3か所目|法人が借主になると、特約の効き方が変わる
ここがいちばん見落とされます。消費者契約法2条1項は「消費者」を個人と定義し、かっこ書きで「事業として又は事業のために契約の当事者となる場合におけるものを除く」と書いています。2項の「事業者」は「法人その他の団体及び事業として又は事業のために契約の当事者となる場合における個人」。3項で「消費者契約」は消費者と事業者との間で締結される契約とされています。
この定義を賃貸に当てはめると、次のようになります。
- 賃貸経営をしている個人の大家は、2項の後半に当たり事業者の側です
- 入居者が個人なら、その契約は消費者契約です
- 社宅として法人が借主になる契約は、借主が法人なので消費者契約ではありません
効いてくるのは10条です。「消費者の権利を制限し又は消費者の義務を加重する消費者契約の条項であって、民法第一条第二項に規定する基本原則に反して消費者の利益を一方的に害するものは、無効とする」。この無効の主張は、消費者契約でなければ出てきません。学生本人や社会人本人を借主にすれば10条の枠の中、法人契約なら枠の外という差が生まれます。
ただし、個別の条項が有効か無効かは事案ごとの判断で、裁判例が積み上がっている領域です。原状回復の負担や違約金の条項を作るときは、一般的には弁護士に条文を見てもらうのが安全です。ここでお伝えできるのは、借主が個人か法人かで、同じ特約の危うさが変わるという枠組みまでです。
3か所を紙の上に落とす
やることは、募集図面の作り直しではありません。申込を受けたあとに使う書式を、2通りに分けておくだけです。
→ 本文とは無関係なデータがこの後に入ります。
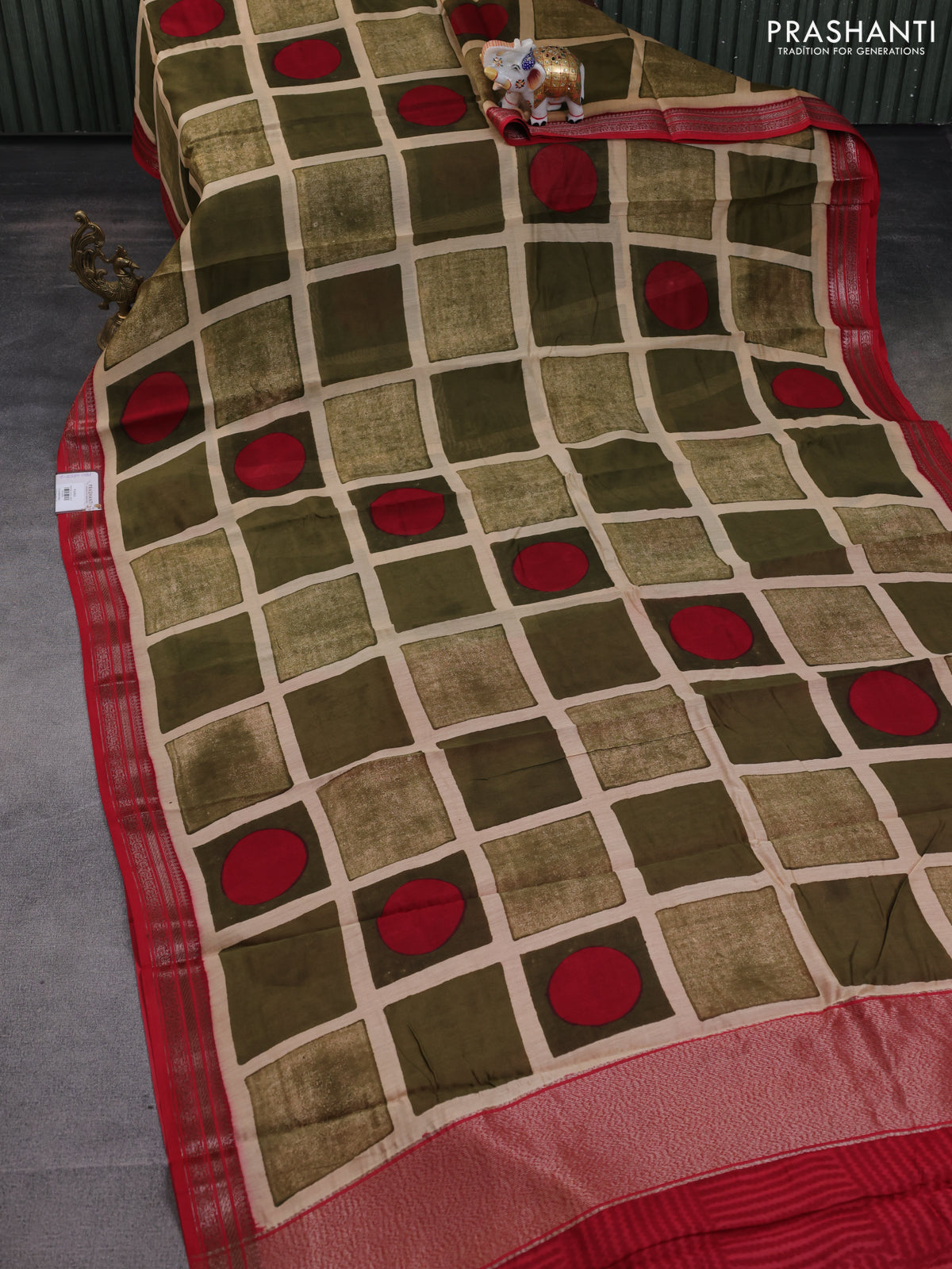 Chanderi silk cotton saree sandal sap green and red with allover geometric prints and banarasi style border

- 契約者を誰にするか。18歳以上なら本人でも成立する、という前提で選ぶ
- 住民票の異動を、鍵の引渡しの条件に並べるか。連絡が実家を回る形を許すかどうかと合わせて決める
- 借主が法人か個人かで、特約のひな型を分ける。法人契約の側では10条を前提にしない
学生向けを厚くするなら、3月に同時退去が来ることも同じ表に書き込んでおきます。審査の基準そのものをどこまで動かすかは、大家が入居審査をどこまで厳しくするか|空室が延びる基準と、緩めてはいけない一線と並べて考えると決めやすくなります。
まとめ
- 民法4条は2022年4月1日から「年齢十八歳をもって、成年とする」。5条2項の取消しが残るのは18歳未満だけ
- 住民基本台帳法22条の転入届は入居者の義務。12条の3第1項1号で大家も住民票の第三者請求ができるが、出るかどうかは市町村長の判断
- 消費者契約法2条1項・2項・3項の定義から、法人が借主の社宅契約は消費者契約ではなく、10条の無効の主張が出てこない
手元の入居申込書を開いて、勤務先の欄が空白の申込が何件あるかを数えてください。その件数が、上の3か所を切り替えなければならない件数です。